Dans une certaine zone de la Vallée d'Aoste, sur le côté droit de la dora Baltea, à l'envers donc, au-dessus de Pontey, vivaient de mystérieux habitants appelés Tsandzon, ou les hommes de borne. Il y avait généralement deux hypothèses sur leurs origines, la première affirmait qu'il s'agissait de tribus primitives qui n'avaient jamais été complètement intégrées par la population civile de Pontey et qui se cachaient donc dans l'épaisse et vaste forêt, l'autre qu'il s'agissait d'hommes préhistoriques qui avaient survécu dans cette zone de la vallée, et n'avaient jamais vraiment évolué. Les habitants de Pontey les appelaient aussi gnomes. En effet, selon des récits et des témoignages transmis, il existait un tout petit village au-dessus du hameau de Bovaye, près du torrent Molina, caractérisé par des maisons très petites et basses.

Mais, la zone principalement habitée, au-dessus du village de Pontey, par ces êtres inconnus était aussi la vallée de la Valmeriana, accessible uniquement par un chemin agricole créé bien des années plus tard.

La Valmériena, cachée dans le grand cercle glaciaire, était dotée de sources et de pâturages. Bien insérée dans le monde alpin, elle communiquait avec d'autres vallées, comme celle de Champdepraz. Les conditions environnementales étaient idéales pour le pâturage des moutons et des chèvres, qui parcouraient la vallée et les crêtes rocheuses.

La présence humaine dans cette vallée de terres silencieuses et lumineuses est attestée depuis la fin de la préhistoire et confirmée par des découvertes occasionnelles.

Les découvertes les plus importantes ont été faites à Tsanté de Place, en 1974-1975, près du hameau de Margnier, à quelques kilomètres de Pontey, où une pierre ornée de symboles

anthropomorphes a été mise au jour. En 1963, dans la région de Pontey, une tombe creusée dans la roche d'environ deux mètres de haut a été découverte au lieu-dit Proley, au sommet d'un gros rocher dépassant du flanc de la colline. Un sépulcre monolithique.

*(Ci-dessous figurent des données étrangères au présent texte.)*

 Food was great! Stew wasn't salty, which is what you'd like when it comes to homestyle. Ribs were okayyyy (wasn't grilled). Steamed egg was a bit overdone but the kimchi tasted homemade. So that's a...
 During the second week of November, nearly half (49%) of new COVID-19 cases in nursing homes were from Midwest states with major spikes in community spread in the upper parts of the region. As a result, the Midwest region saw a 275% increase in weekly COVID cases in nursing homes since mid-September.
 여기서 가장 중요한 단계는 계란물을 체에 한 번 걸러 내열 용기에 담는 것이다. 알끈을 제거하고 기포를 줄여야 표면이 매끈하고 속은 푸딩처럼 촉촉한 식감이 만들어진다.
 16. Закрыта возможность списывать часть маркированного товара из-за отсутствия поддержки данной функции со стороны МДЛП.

Mais la Valmeriana ne s'arrête pas là, la légende se poursuit avec la découverte de carrières et de meules, exploitées dans l'Antiquité. Il s'agit de blocs de granit schisteux chlorites utilisés pour fabriquer les meules qui étaient vendues dans toute la basse vallée au XVIIIe siècle.

Selon la tradition, ces petits hommes rendaient fertiles les vignobles des Pontesans, en

empêchant le torrent de déborder et en transportant, pendant la nuit, les scories de la mine de fer. Ils gardaient aussi, de leur baguette magique, les nombreux ponts construits sur le torrent Moline, faisant couler l'eau pour l'irrigation des vignobles. Ils épargnaient aux habitants de Pontey le lourd labeur de fertiliser et d'irriguer ces terres, les gardant ainsi très fertiles. Tout en chantant des mélodies enchanteresses en harmonie avec le murmure de la Dora et l'écume de la Moline.

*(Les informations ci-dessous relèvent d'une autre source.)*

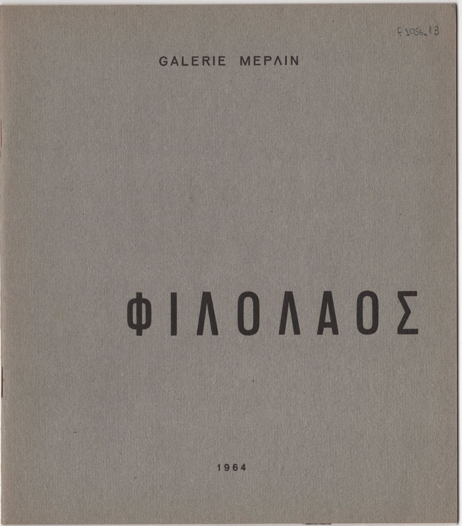 Έντυπο, στα ελληνικά, αγγλικά και γαλλικά, πολυσέλιδο, χαρτόνι και χαρτί ιλουστρασιόν, 19,2×17,0 εκ. Έντυπο της ατομικής έκθεσης του Φιλόλαου στην Αθήνα το 1964. Περιέχει κριτικό κείμενο της Gisèle Prassinos, αποσπάσματα κριτικών των: Α.Γ. Ξύδης, Τ. Σπητέρης, M. Ragon και M. Conil-Lacoste και σύντομο βιογραφικό καλλιτέχνη.
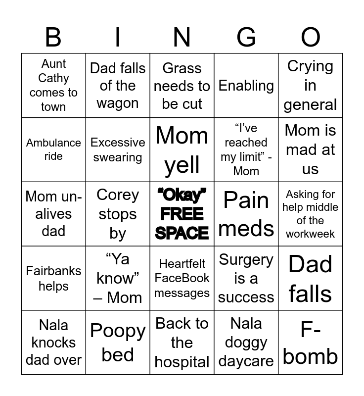 This bingo card has a free space and 24 words: “Ya know” – Mom, Poopy bed, Mom yell, Nala knocks dad over, Crying in general, Aunt Cathy comes to town, Ambulance ride, Dad falls of the wagon, Pain meds, Heartfelt FaceBook messages, “I’ve reached my limit” -Mom, Mom un-alives dad, Surgery is a success, Dad falls, Excessive swearing, Nala doggy daycare, Asking for help middle of the workweek, Grass needs to be cut, Mom is mad at us, Corey stops by, F-bomb, Fairbanks helps, Enabling and Back to the hospital.
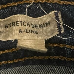 pockets for a low-key '70s vibe. Crafted from dark washed denim with a touch of stretch, it's a skirt as fuss-free as a pair of jeans. Looks so cool with a baby tee and low-key sneaks.
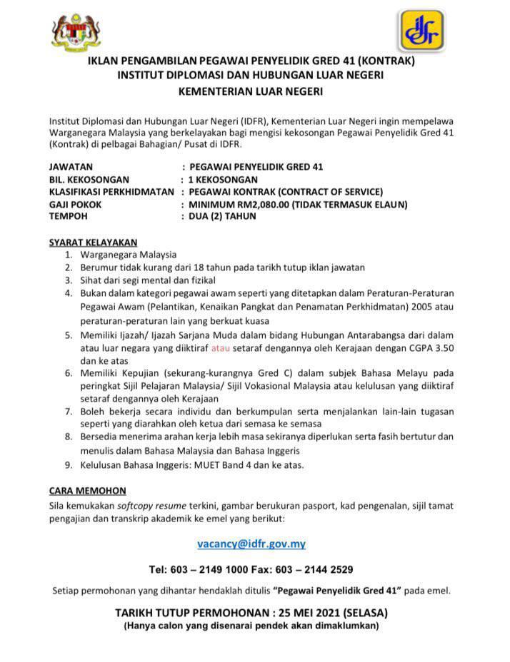- Tarikh Tutup Permohonan: 25 Mei 2021
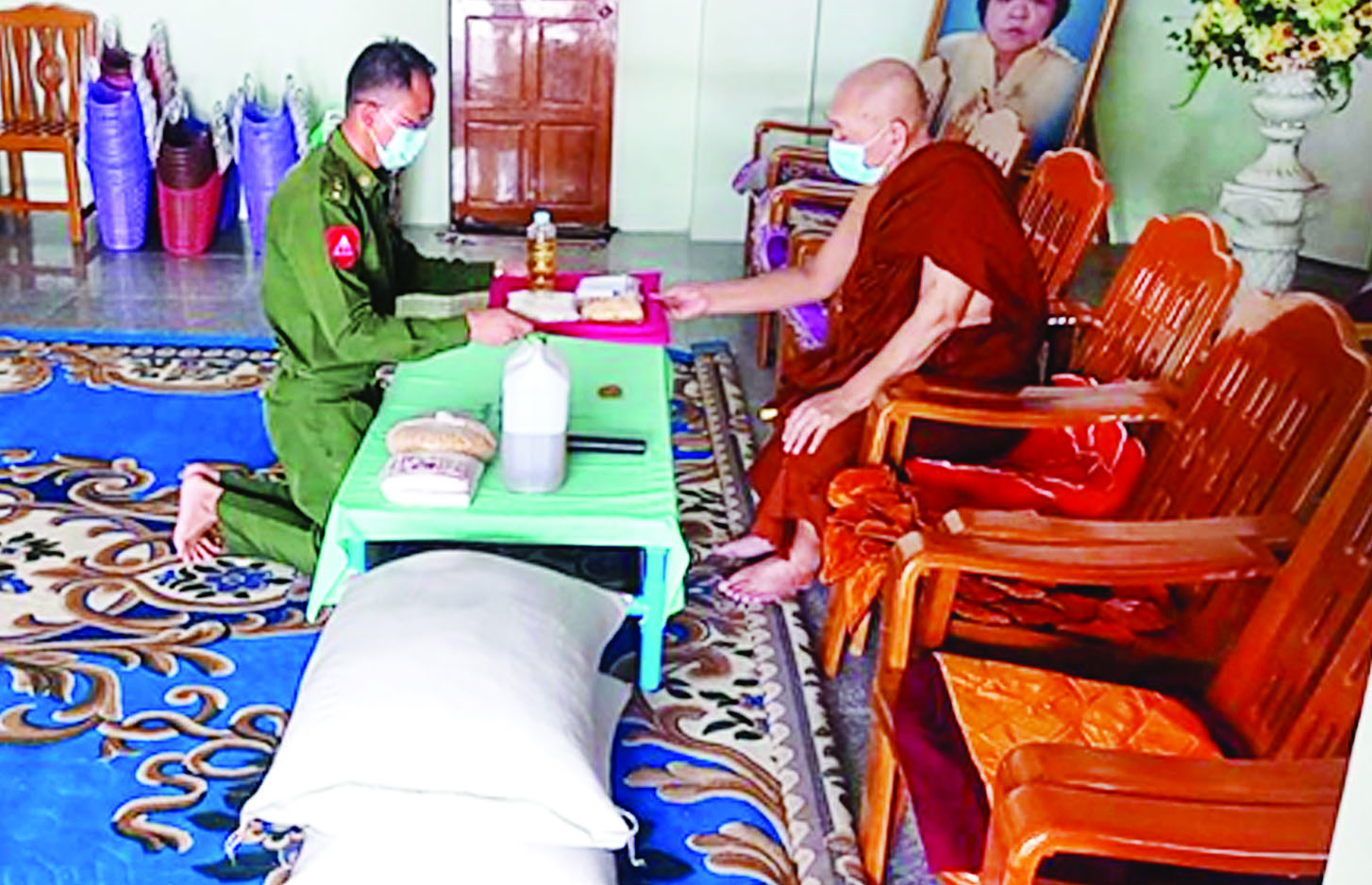 ကိုဗစ်-၁၉ ရောဂါ ကြိုတင်ကာကွယ်ရေး လုပ်ငန်းများ ဆောင်ရွက်နေသည့် ကာလအတွင်း ဆွမ်းကိစ္စရပ်များ အဆင်ပြေစေရန်ရည်ရွယ်၍ တပ်မတော် (ကြည်း၊ ရေ၊ လေ) အရာရှိ၊ စစ်သည်၊ အရာထမ်း၊ အမှုထမ်းများနှင့် စေတနာရှင်အလှူရှင်များက မြို့နယ်အသီးသီးရှိ ဘုန်းတော်ကြီးကျောင်းများ၊ သာသနာ့နွယ်ဝင် သီလရှင်ကျောင်းများနှင့် ဘာသာရေးကျောင်းများသို့ ဆွမ်း ဆန်တော်၊ ဆီ၊ ဆား၊ ပဲ အမယ်လေးမျိုးနှင့် လှူဖွယ်ပစ္စည်းများ လှူဒါန်းခြင်း၊ နေ့ဆွမ်းများ ဆက်ကပ်လှူဒါန်းခြင်းနှင့် ကျန်းမာရေး စစ်ဆေးပေးခြင်းများကို ဆောင်ရွက်လျက်ရှိသည်။

Ces petites créatures se consacraient principalement à la culture de la vigne et à la création d'un vin spécial, obtenu près des eaux du ruisseau Molina. Ils étaient cueilleurs et se nourrissaient de ce que la nature leur offrait, mais faisaient parfois des incursions dans le village avec l'accord tacite de la population de Pontey. L'aide de ces deux populations très différentes était réciproque.

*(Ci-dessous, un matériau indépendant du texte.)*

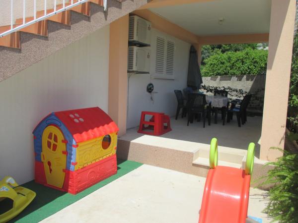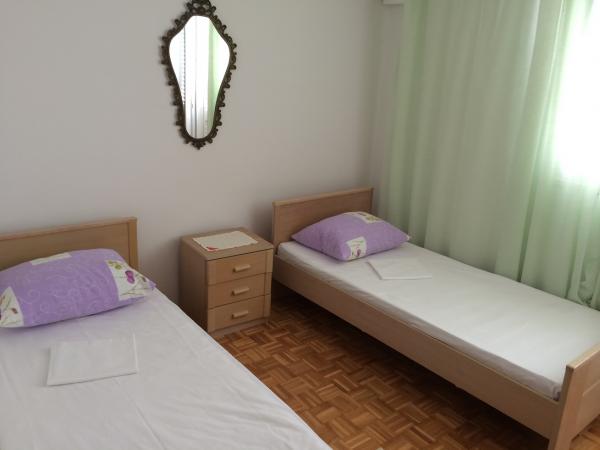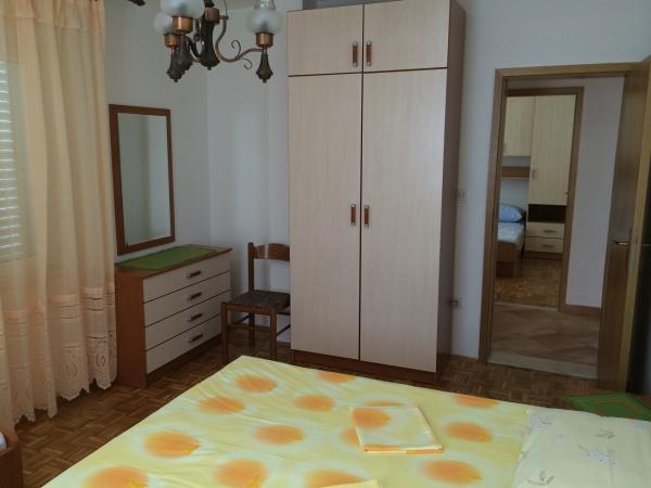 Er is een groot appartement in het familiehuis. Het is volledig uitgerust. Het heeft een aparte ingang en parkeerplaats. De woning ligt op twee minuten lopen van strand, zee, winkel en bank. Het appartement (8+2) bevindt zich op de eerste verdieping en bestaat uit vier slaapkamers (twee driepersoonskamers en twee tweepersoonskamers), een grote keuken, twee badkamers met toilet (één heeft een wasmachine), een groot balkon en een groot terras. Het appartement is voorzien van airconditioning (grote airconditioner geïnstalleerd in de gang), Wi-Fi internet, magnetron, fornuis, oven, vaatwasser, wasmachine, grote koelkast, alle benodigde serviesgoed en beddengoed. Het beddengoed wordt 1 keer per week verschoond. Belastingen, Wi-Fi, parkeren en gebruik van airconditioning zijn inbegrepen in de huurprijs.
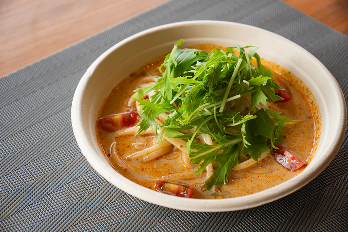 少しピリッと辛いけれど、豆乳でまろやかに仕上げた坦々うどん。辛さが苦手な方でも安心して食べられる一品です。濃厚な豆乳の風味とコクが、夏のうどんを新たな味わいへと導いてくれます。暑い日でも、辛さと豆乳のマイルドな味わいに心が和みます。
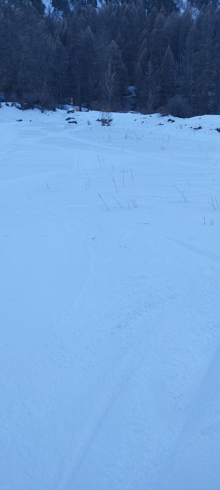 Vu la purge annoncée sur la piste du téléski, je préfère continuer un peu la piste de fond et redescendre mon dénivelé homérique (un bon tiers d'une montée de Tour Eiffel, tout de même 😂) par les champs en terrasses. Finalement ce n'est pas si pire, car au moins il n'y a pas de vieilles traces regelées. C'est lisse avec même une sorte de petit givré en surface, ce qui me permet de claquer 4 bons virages ! On se console comme on peut...
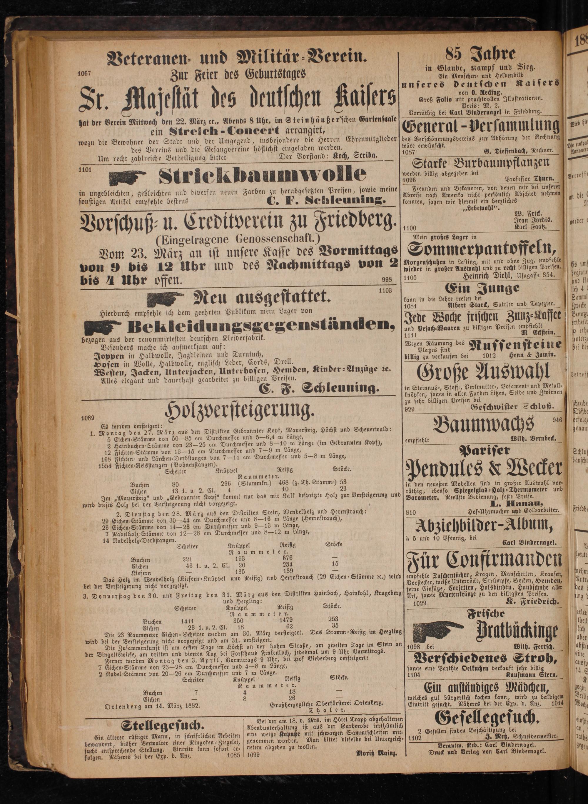 Scheiter Knüppel Reisig Stöcke. Ra ummet er. Buchen 70 4 18— Eichen— 26 559 Ortenberg am 14. März 1882. Großherzogliche Oberförsterei Ortenberg. Thaler. 0 Bei der am 18. d. Mts. im Hötel Trapp abgehaltenen Stellegesuch. Abendunterhaltung ist aus der Garderobe irrthümlich

L'une des histoires dont on se souvient le mieux est celle qui est transmise de famille en famille, en l'occurrence par la famille Tillier, originaire de Pontey, où deux sœurs nous racontent l'émerveillement et parfois la peur qu'elles ont eue pour cette histoire. « Je n'ai pas pensé à ces histoires depuis longtemps, elles ont toujours eu un semblant de vérité » raconte la sœur aînée Tillier « deux enfants se sont perdus dans la forêt dense de Pontey, l'un était blessé, la nuit tombait et le froid arrivait. Les enfants, morts de peur, s'étaient réfugiés sous un gros rocher » rocher qui apparaît aussi dans la légende du village. « Maintenant désespérés, les enfants s'aperçurent qu'une petite silhouette s'approchait d'eux. Sans dire un mot, cette ombre enveloppée de nuit prit l'enfant blessé dans ses bras et, faisant signe à l'autre, les conduisit jusqu'aux portes du village en appelant à l'aide ».
Matilda Cosentino

Le trésor de la “Millenaria”
Un voyage à travers l’histoire et l'atmosphère de la Foire de Saint-Ours

Avec son histoire millénaire, ses produits traditionnels, son artisanat de très haute qualité, ses délices et son atmosphère pleine de joie, la Foire de Saint-Ours a conquis le rôle de l'événement le plus célèbre de la Vallée d’Aoste.

L’histoire de cette curieuse fête commence avec la vie saint du même nom qui est venu de la lointaine Irlande. Il est connu pour sa sincère simplicité, sa force d'âme et ses missions de conversion au catholicisme de toute la région au cours de cinquième siècle. Autour de l’année 1000, la ville d’Aoste construit une collégiale en mémoire de ses nobles actions. Cette date est aussi considérée, par convention, l’année de début de la foire. Selon la tradition, saint Ours est connu aussi pour la création des typiques chaussures en bois réalisées comme signe d’attention et de charité envers les pauvres de son époque, les sabots.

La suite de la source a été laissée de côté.